- **GIVEN INFORMATION**
---+---
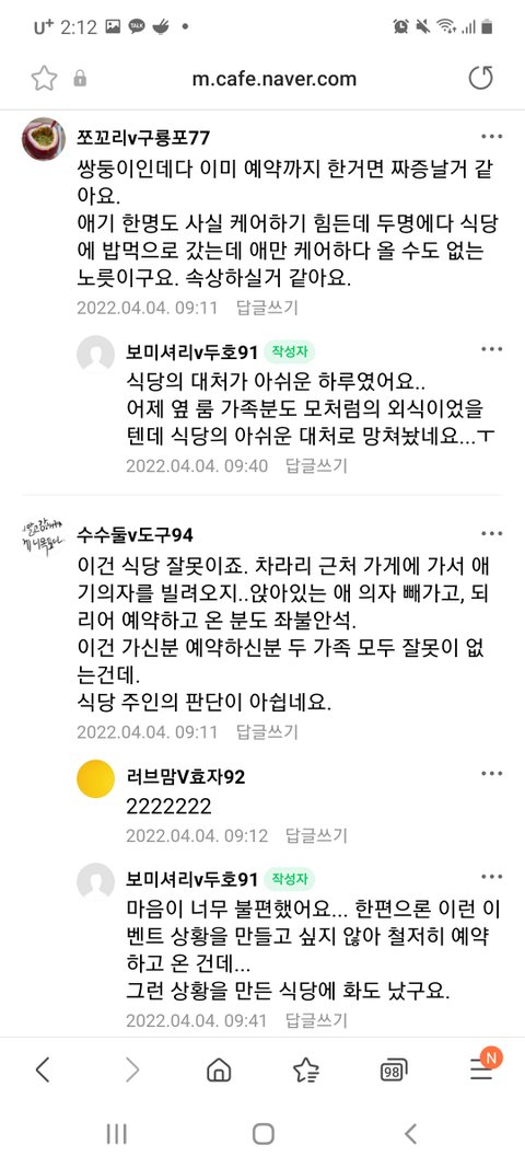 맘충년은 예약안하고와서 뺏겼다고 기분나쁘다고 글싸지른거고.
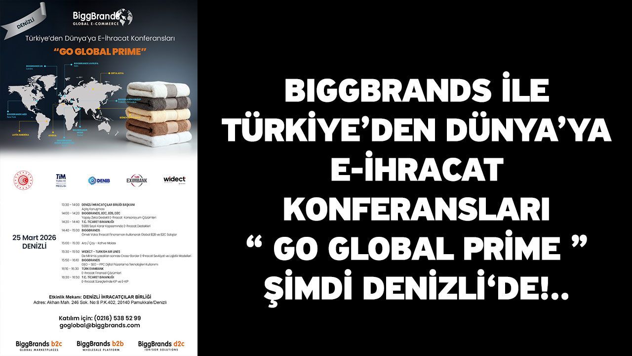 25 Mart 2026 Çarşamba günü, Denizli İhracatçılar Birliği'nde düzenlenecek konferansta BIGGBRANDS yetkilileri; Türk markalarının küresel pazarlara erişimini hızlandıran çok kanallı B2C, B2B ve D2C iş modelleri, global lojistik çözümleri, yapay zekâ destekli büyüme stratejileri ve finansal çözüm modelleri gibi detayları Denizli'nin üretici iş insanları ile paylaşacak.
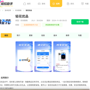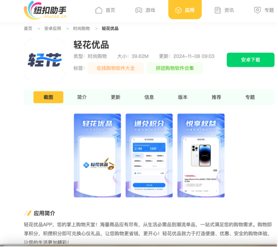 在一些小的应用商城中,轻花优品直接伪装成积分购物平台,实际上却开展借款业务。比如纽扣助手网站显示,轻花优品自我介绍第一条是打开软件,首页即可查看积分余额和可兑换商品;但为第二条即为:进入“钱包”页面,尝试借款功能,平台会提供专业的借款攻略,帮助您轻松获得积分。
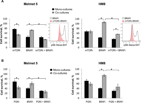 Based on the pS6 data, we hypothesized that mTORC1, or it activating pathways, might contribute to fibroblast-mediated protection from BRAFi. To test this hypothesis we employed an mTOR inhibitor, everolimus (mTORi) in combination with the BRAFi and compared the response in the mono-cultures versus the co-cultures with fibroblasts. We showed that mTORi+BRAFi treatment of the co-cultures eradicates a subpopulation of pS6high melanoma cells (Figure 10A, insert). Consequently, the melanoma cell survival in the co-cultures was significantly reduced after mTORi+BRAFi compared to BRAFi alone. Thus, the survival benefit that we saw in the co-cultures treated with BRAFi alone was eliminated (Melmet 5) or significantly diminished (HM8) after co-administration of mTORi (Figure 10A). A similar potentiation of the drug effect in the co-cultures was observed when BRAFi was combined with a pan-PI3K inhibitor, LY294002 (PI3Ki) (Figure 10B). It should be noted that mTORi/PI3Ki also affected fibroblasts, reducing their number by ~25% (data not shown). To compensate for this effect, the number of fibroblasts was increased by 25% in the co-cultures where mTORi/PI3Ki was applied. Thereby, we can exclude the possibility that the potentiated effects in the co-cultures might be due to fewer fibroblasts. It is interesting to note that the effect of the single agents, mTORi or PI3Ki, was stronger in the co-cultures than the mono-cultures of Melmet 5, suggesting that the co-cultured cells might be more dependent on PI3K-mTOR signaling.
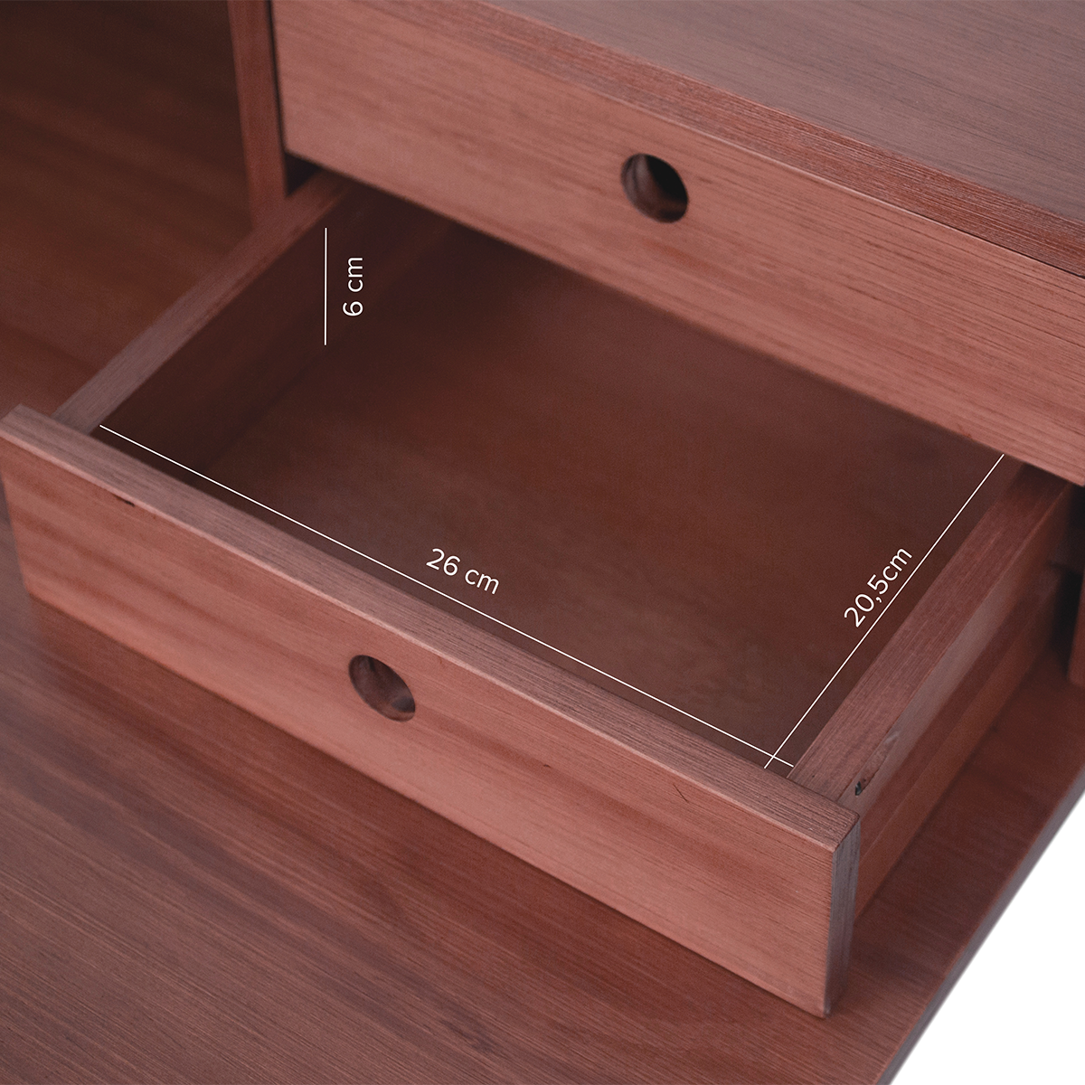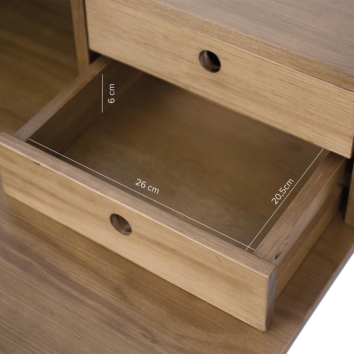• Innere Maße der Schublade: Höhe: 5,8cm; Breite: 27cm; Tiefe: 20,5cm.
---+---
- **WORK TASK**
Output the entries above verbatim, leaving out images.

- **REPLY TO THE TASK**
 맘충년은 예약안하고와서 뺏겼다고 기분나쁘다고 글싸지른거고.
 25 Mart 2026 Çarşamba günü, Denizli İhracatçılar Birliği'nde düzenlenecek konferansta BIGGBRANDS yetkilileri; Türk markalarının küresel pazarlara erişimini hızlandıran çok kanallı B2C, B2B ve D2C iş modelleri, global lojistik çözümleri, yapay zekâ destekli büyüme stratejileri ve finansal çözüm modelleri gibi detayları Denizli'nin üretici iş insanları ile paylaşacak.
 在一些小的应用商城中,轻花优品直接伪装成积分购物平台,实际上却开展借款业务。比如纽扣助手网站显示,轻花优品自我介绍第一条是打开软件,首页即可查看积分余额和可兑换商品;但为第二条即为:进入“钱包”页面,尝试借款功能,平台会提供专业的借款攻略,帮助您轻松获得积分。
 Based on the pS6 data, we hypothesized that mTORC1, or it activating pathways, might contribute to fibroblast-mediated protection from BRAFi. To test this hypothesis we employed an mTOR inhibitor, everolimus (mTORi) in combination with the BRAFi and compared the response in the mono-cultures versus the co-cultures with fibroblasts. We showed that mTORi+BRAFi treatment of the co-cultures eradicates a subpopulation of pS6high melanoma cells (Figure 10A, insert). Consequently, the melanoma cell survival in the co-cultures was significantly reduced after mTORi+BRAFi compared to BRAFi alone. Thus, the survival benefit that we saw in the co-cultures treated with BRAFi alone was eliminated (Melmet 5) or significantly diminished (HM8) after co-administration of mTORi (Figure 10A). A similar potentiation of the drug effect in the co-cultures was observed when BRAFi was combined with a pan-PI3K inhibitor, LY294002 (PI3Ki) (Figure 10B). It should be noted that mTORi/PI3Ki also affected fibroblasts, reducing their number by ~25% (data not shown). To compensate for this effect, the number of fibroblasts was increased by 25% in the co-cultures where mTORi/PI3Ki was applied. Thereby, we can exclude the possibility that the potentiated effects in the co-cultures might be due to fewer fibroblasts. It is interesting to note that the effect of the single agents, mTORi or PI3Ki, was stronger in the co-cultures than the mono-cultures of Melmet 5, suggesting that the co-cultured cells might be more dependent on PI3K-mTOR signaling.
• Innere Maße der Schublade: Höhe: 5,8cm; Breite: 27cm; Tiefe: 20,5cm.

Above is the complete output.